(Records to process)
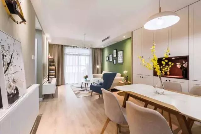 客餐厅位于同一空间,视觉空间非常好,而白色和绿色的搭配也是清爽自然,又特别的亮眼;
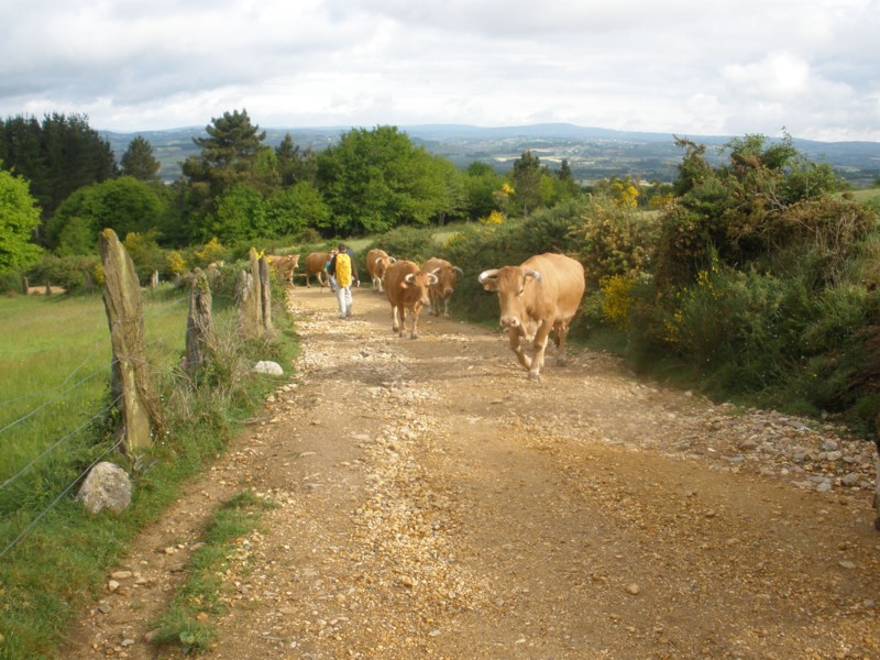 Llevo los pies cocidos. La salida de Portomarín, con otro Miura de subida,
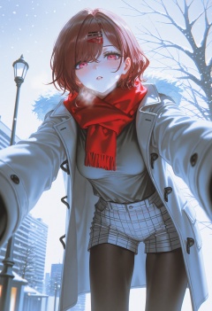 masterpiece,best quality,artist:john_kafka,artist:nixeu,artist:quasarcake,chromatic aberration,film grain,high contrast,color contrast,cold colors,gritty,graphite \\\\(medium\\\\),higuchi madoka,1girl,bare tree,black pantyhose,blurry,blush,breasts,breathing,brown hair,building,coat,depth of field,dot nose,from below,fur-trimmed coat,fur trim,grey coat,grey shirt,grey shorts,lamppost,leaning forward,long sleeves,looking at viewer,medium breasts,mole,mole under eye,nail polish,open clothes,open coat,outdoors,pantyhose,parted lips,plaid clothes,plaid shorts,reaching,reaching towards viewer,red eyes,red nails,red scarf,scarf,shirt,short hair,shorts,snowing,solo,
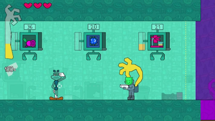 Mask Around is a 2D shooter platformer roguelite where every drop of juice counts. This prized yellow goo will boost your moveset in... unexpected ways. Fly, jump, and punch with the gigantic hand coming out your backpack, or decide to take some risk and invest your precious juice in items and weapons.
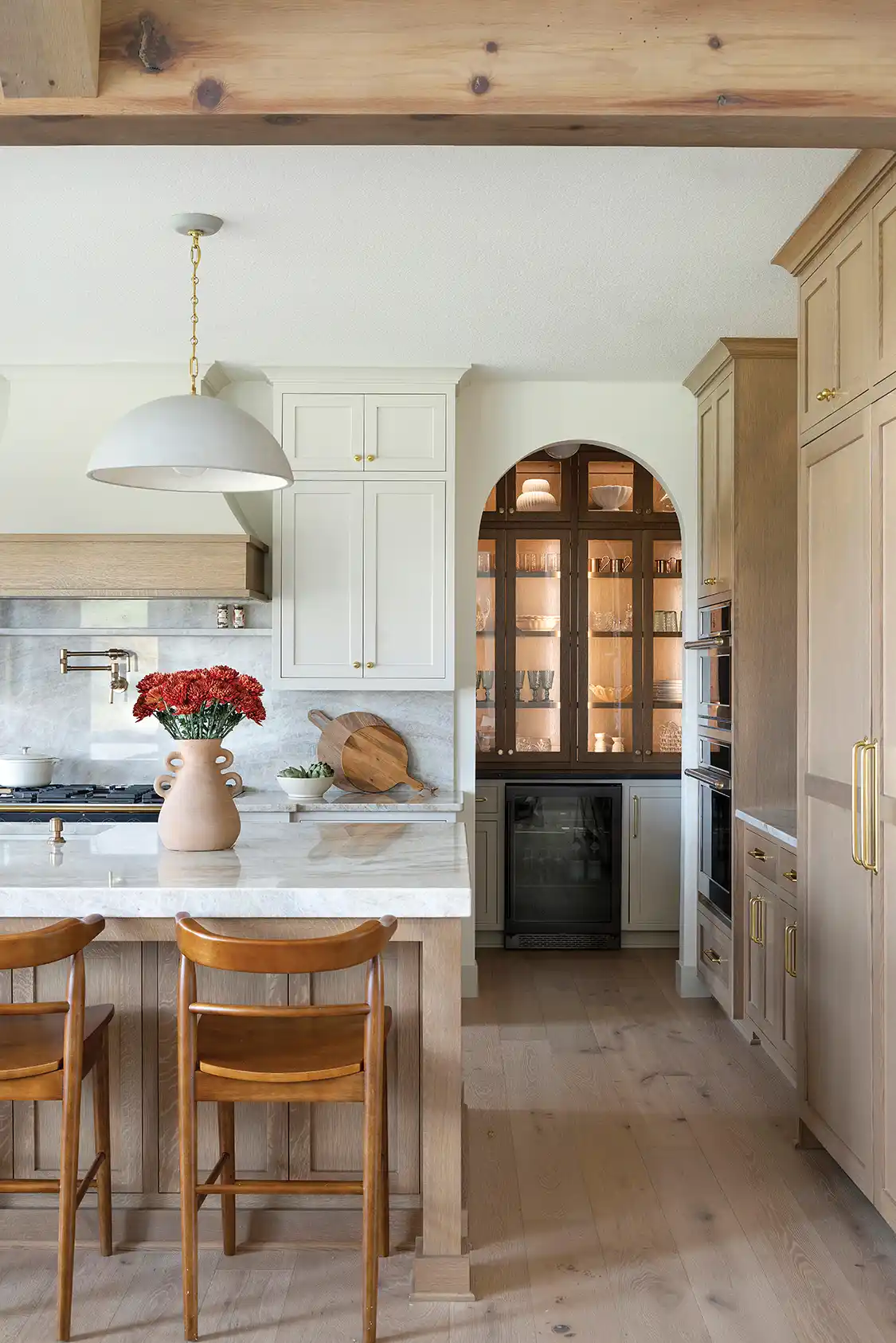 Gabriela also used her creativity to create stylish but compact storage areas. “I always ensure my designs include integrated storage for household essentials,” she says. “In this kitchen, the wall of quarter-sawn white oak cabinetry with aged brass pulls includes a hidden double fridge and double oven. Next to the built-ins, an arched doorway leads to the prep pantry with a glass-paned dish cabinet, which is ideal for staging, storage and showcasing the family’s dishware collection.”
(End Records to process)
* [Work to be completed]
Output the records above exactly, omitting the pictures.

* [Solution to this task]
 客餐厅位于同一空间,视觉空间非常好,而白色和绿色的搭配也是清爽自然,又特别的亮眼;
 Llevo los pies cocidos. La salida de Portomarín, con otro Miura de subida,
 masterpiece,best quality,artist:john_kafka,artist:nixeu,artist:quasarcake,chromatic aberration,film grain,high contrast,color contrast,cold colors,gritty,graphite \\\\(medium\\\\),higuchi madoka,1girl,bare tree,black pantyhose,blurry,blush,breasts,breathing,brown hair,building,coat,depth of field,dot nose,from below,fur-trimmed coat,fur trim,grey coat,grey shirt,grey shorts,lamppost,leaning forward,long sleeves,looking at viewer,medium breasts,mole,mole under eye,nail polish,open clothes,open coat,outdoors,pantyhose,parted lips,plaid clothes,plaid shorts,reaching,reaching towards viewer,red eyes,red nails,red scarf,scarf,shirt,short hair,shorts,snowing,solo,
 Mask Around is a 2D shooter platformer roguelite where every drop of juice counts. This prized yellow goo will boost your moveset in... unexpected ways. Fly, jump, and punch with the gigantic hand coming out your backpack, or decide to take some risk and invest your precious juice in items and weapons.
 Gabriela also used her creativity to create stylish but compact storage areas. “I always ensure my designs include integrated storage for household essentials,” she says. “In this kitchen, the wall of quarter-sawn white oak cabinetry with aged brass pulls includes a hidden double fridge and double oven. Next to the built-ins, an arched doorway leads to the prep pantry with a glass-paned dish cabinet, which is ideal for staging, storage and showcasing the family’s dishware collection.”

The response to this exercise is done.